Prompts support runtime variable substitution using {{variable}} syntax:
VariableDescription
{{app_name}}Application name.
{{app_description}}Application description.
{{agent_name}}Current agent name.
{{memory.store.field}}Access memory store data.
{{session_id}}Current session identifier.
prompt = Prompt(
    custom="""You are acting as {{agent_name}} for the application "{{app_name}}".

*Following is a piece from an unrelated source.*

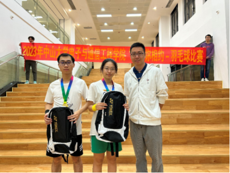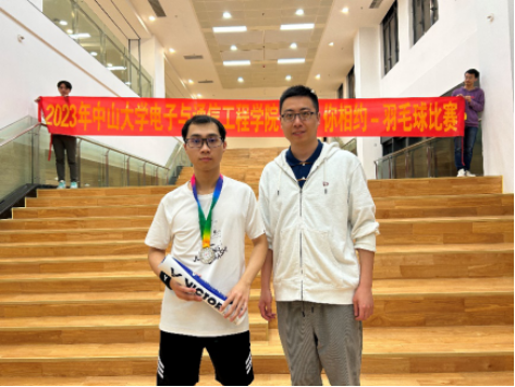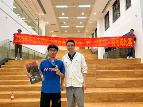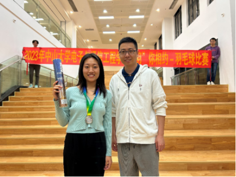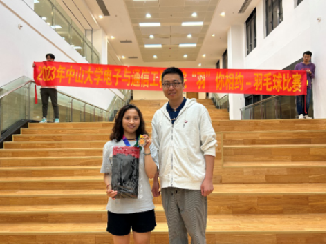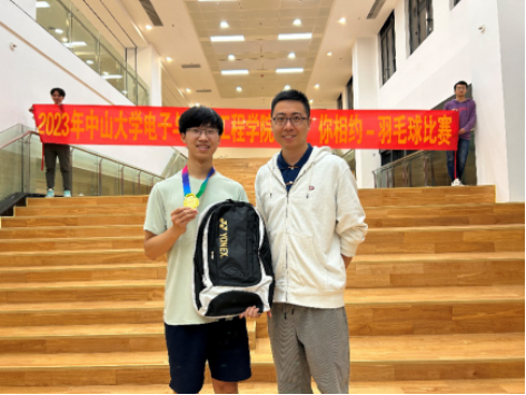 自从大学有幸进了院队跟着杜浩江队长进行系统的学习和训练,如今羽毛球已是我最离不开的一个爱好。我有幸在混双这个项目上夺得冠军,心中喜悦的同时也明白,除了我自身的努力,这个金牌更离不开队友李沛静同学的默契配合,离不开各位球友和实验室同僚们的加油助威,今后我将继续提高球技,取得让自己更满意的表现。
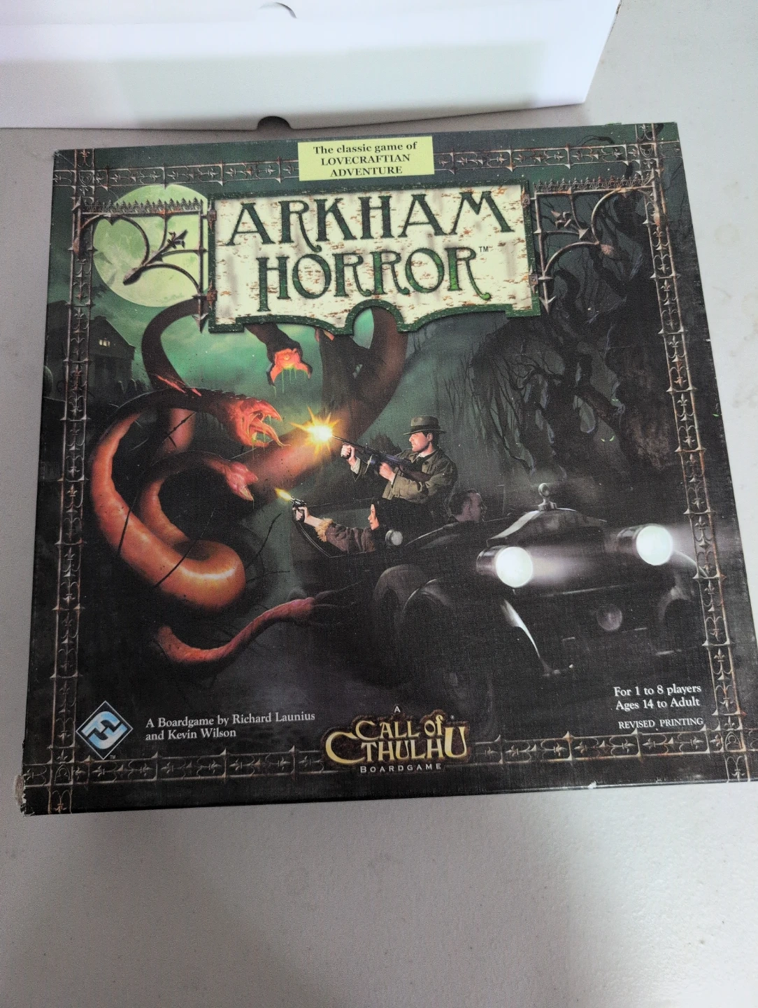 This is the Arkham Horror board game, revised printing. It's for 1 to 8 players, ages 14 to Adult. The game includes 1 Rule Book, 1 Game Board, and 12 Investigator Mats. It's a classic game of Lovecraftian adventure.

    Application Description:
    {{app_description}}

    Customer Account Information:
    {{memory.accountInfo.accounts}}

    Use the above context to provide quick, accurate responses.
    """
)

Orchestrator prompts

For supervisor or orchestrator agents, define routing rules in the custom prompt:
supervisor_prompt = Prompt(
    system="You are a helpful assistant.",
    custom="""You are an AI Supervisor for "{{app_name}}".

    ### Your Team
    You manage multiple workers:
    - BillingAgent: Handles payments and billing
    - SupportAgent: General customer support
    - TechnicalAgent: Technical issues

    ### Routing Rules
    1. **Small-talk**: Route to user with friendly response
    2. **Direct Routing**: Match requests to worker expertise
    3. **Follow-up**: Route responses to same worker
    4. **Route to user**: When unrelated or complete
    5. **Multi-Intent**: Break into sequential requests
    """
)

Task-specific configurations

Match your LlmModelConfig to the nature of the agent’s task: Factual tasks — use low temperature for consistent, accurate responses:
LlmModelConfig(
    temperature=0.1,  # Low for consistency
    max_tokens=800
)
Creative tasks — use higher temperature for varied output:
LlmModelConfig(
    temperature=1.0,  # Higher for creativity
    max_tokens=2000
)
Balanced (general-purpose):
LlmModelConfig(
    temperature=0.7,
    max_tokens=1600,
    top_p=0.9
)

Optimization tips

Cost
  • Use smaller models for simple, repetitive tasks.
  • Set max_tokens to the minimum needed for the expected response length.
  • Set max_iterations to limit unnecessary tool calls.
  • Configure reasonable timeouts to avoid runaway sessions.
Quality
  • Use the latest model versions for your provider.
  • Increase max_tokens when detailed responses are required.
  • Lower temperature for tasks that require consistency.
  • Increase max_iterations for complex multi-step workflows.